* What this task involves
Print exactly the lines below between the line holding "2026 신세계 이마트배 전국고교야구대회 4일(토) 경기가 우천으로 취소되었다." and the line holding "奶砲,按摩,69,殘廢澡,無", inclusive, and nothing more.

* Supplied material
------
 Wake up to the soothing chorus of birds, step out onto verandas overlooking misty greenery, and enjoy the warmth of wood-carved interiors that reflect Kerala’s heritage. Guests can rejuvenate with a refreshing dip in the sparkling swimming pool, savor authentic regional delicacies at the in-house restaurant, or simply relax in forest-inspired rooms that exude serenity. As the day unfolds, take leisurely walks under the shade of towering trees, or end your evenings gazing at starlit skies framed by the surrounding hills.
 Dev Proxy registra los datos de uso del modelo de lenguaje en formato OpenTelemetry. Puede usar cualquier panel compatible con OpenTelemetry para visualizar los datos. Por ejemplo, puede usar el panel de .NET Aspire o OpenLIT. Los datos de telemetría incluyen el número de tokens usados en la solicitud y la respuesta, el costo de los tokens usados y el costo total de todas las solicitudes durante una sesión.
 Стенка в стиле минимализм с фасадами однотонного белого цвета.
------
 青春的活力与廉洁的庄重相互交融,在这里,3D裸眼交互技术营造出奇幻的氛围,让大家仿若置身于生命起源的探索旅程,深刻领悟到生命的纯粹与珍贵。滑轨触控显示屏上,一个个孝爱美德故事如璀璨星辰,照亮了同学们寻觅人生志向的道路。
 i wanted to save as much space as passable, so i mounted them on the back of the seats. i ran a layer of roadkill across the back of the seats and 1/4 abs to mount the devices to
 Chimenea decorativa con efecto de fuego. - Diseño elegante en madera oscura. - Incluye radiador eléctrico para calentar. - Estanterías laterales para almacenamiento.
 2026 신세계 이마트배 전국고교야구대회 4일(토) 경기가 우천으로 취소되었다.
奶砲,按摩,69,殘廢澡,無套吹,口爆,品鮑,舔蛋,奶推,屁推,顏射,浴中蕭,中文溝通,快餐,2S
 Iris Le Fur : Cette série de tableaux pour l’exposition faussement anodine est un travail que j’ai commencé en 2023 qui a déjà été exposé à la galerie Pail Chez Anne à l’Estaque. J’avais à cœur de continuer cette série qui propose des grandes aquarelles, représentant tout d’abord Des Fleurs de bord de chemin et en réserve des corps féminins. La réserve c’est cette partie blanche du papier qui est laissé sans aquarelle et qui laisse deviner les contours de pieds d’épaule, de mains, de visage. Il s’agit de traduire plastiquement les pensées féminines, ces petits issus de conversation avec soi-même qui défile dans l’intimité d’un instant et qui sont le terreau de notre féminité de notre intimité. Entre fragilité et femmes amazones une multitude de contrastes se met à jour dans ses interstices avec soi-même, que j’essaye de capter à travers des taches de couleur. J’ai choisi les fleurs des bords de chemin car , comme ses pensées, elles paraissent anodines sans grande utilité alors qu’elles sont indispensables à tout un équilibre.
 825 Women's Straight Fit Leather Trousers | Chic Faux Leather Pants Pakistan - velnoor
------
* Task solution
 2026 신세계 이마트배 전국고교야구대회 4일(토) 경기가 우천으로 취소되었다.
奶砲,按摩,69,殘廢澡,無套吹,口爆,品鮑,舔蛋,奶推,屁推,顏射,浴中蕭,中文溝通,快餐,2S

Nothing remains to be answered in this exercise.